第五十三章疾驰、病榻与“价值”的托付
紧急会面的安排,在柳若眉高效而隐秘的运作下迅速敲定。时间定在次日傍晚,地点是上海华山医院附近一家安静的茶室包厢。选择这个时间和地点,既能避开可能的耳目,也便于苏清越之后去探望住院的父亲——这个安排本身,就透着一丝不容拒绝的紧迫与关切。
林砚之几乎通宵未眠。他将“瓯越量化”模型对力通液压的模拟推演报告,反复打磨、精简,最终浓缩成三页纸的图文摘要。核心结论用加粗字体标出:“核心技术团队稳定性是力通当前价值生命线,流失超过20%将导致竞争壁垒系统性塌陷,市场地位可能在18-24个月内被替代。”附录里附上了那个开曼基金与顾明远网络的关联图谱,以及猎头公司异常活动的数据截图,证据链清晰但不过度渲染,重在呈现“存在确凿的外部风险”。

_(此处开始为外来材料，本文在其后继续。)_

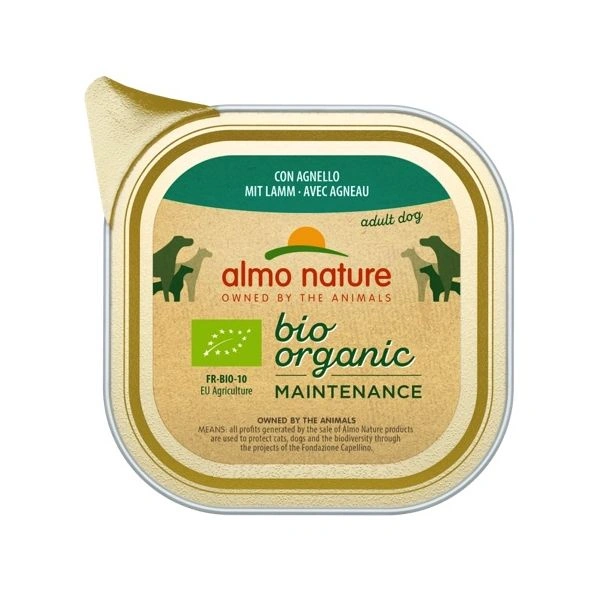 Composizione: BIO. 100% delle materie prime di origine agricola provenienti da agricoltura biologica-FR BIO 10. Agnello: Carni* e derivati* (agnello* min. 4%), cereali*, estratti di proteine vegetali*, sostanze minerali. Componenti analiticiUmidità 81%, Ceneri grezze 2.5%, Proteina grezza 10%, Fibre grezze 0.5%, Grassi grezzi 5%.

苏清越审阅后,只改动了几个措辞,让语气更显客观冷静。“这份材料,是催化剂,不是判决书。”她对着屏幕那头的林砚之说,背景是她在上海暂住酒店的窗帘,“我们要让力通的管理层自己看到悬崖,并意识到谁在背后推他们。关键是,要让他们相信,除了跳下去或者被推下去,还有第三条路——抓住我们伸出的手,走回来。”
高铁在午后的阳光下疾驰,将温州的丘陵与厂房迅速抛在身后,窗外的景致逐渐被长三角连绵的城镇与绿野取代。林砚之和苏清越坐在相邻的座位。苏清越大部分时间闭目养神,但微微颤动的睫毛和略显苍白的脸色,透露着她的疲惫与心事重重。林砚之知道,她昨晚肯定也没休息好,既要远程协调,又要牵挂父亲的病情。
“力通的老刘总,早年和我父亲有过几面之缘,都是技术出身,有点老派实业家的气质。”苏清越忽然轻声开口,眼睛仍闭着,仿佛在自言自语,又像在梳理思路,“他儿子小刘,我接触不多,听说国外学金融回来,心气高,想用资本手段快速做大。那个职业经理人张总,背景复杂,之前在几家外资企业做过,据说擅长‘财务优化’和‘战略梳理’。这样的组合,内部不出问题才怪。”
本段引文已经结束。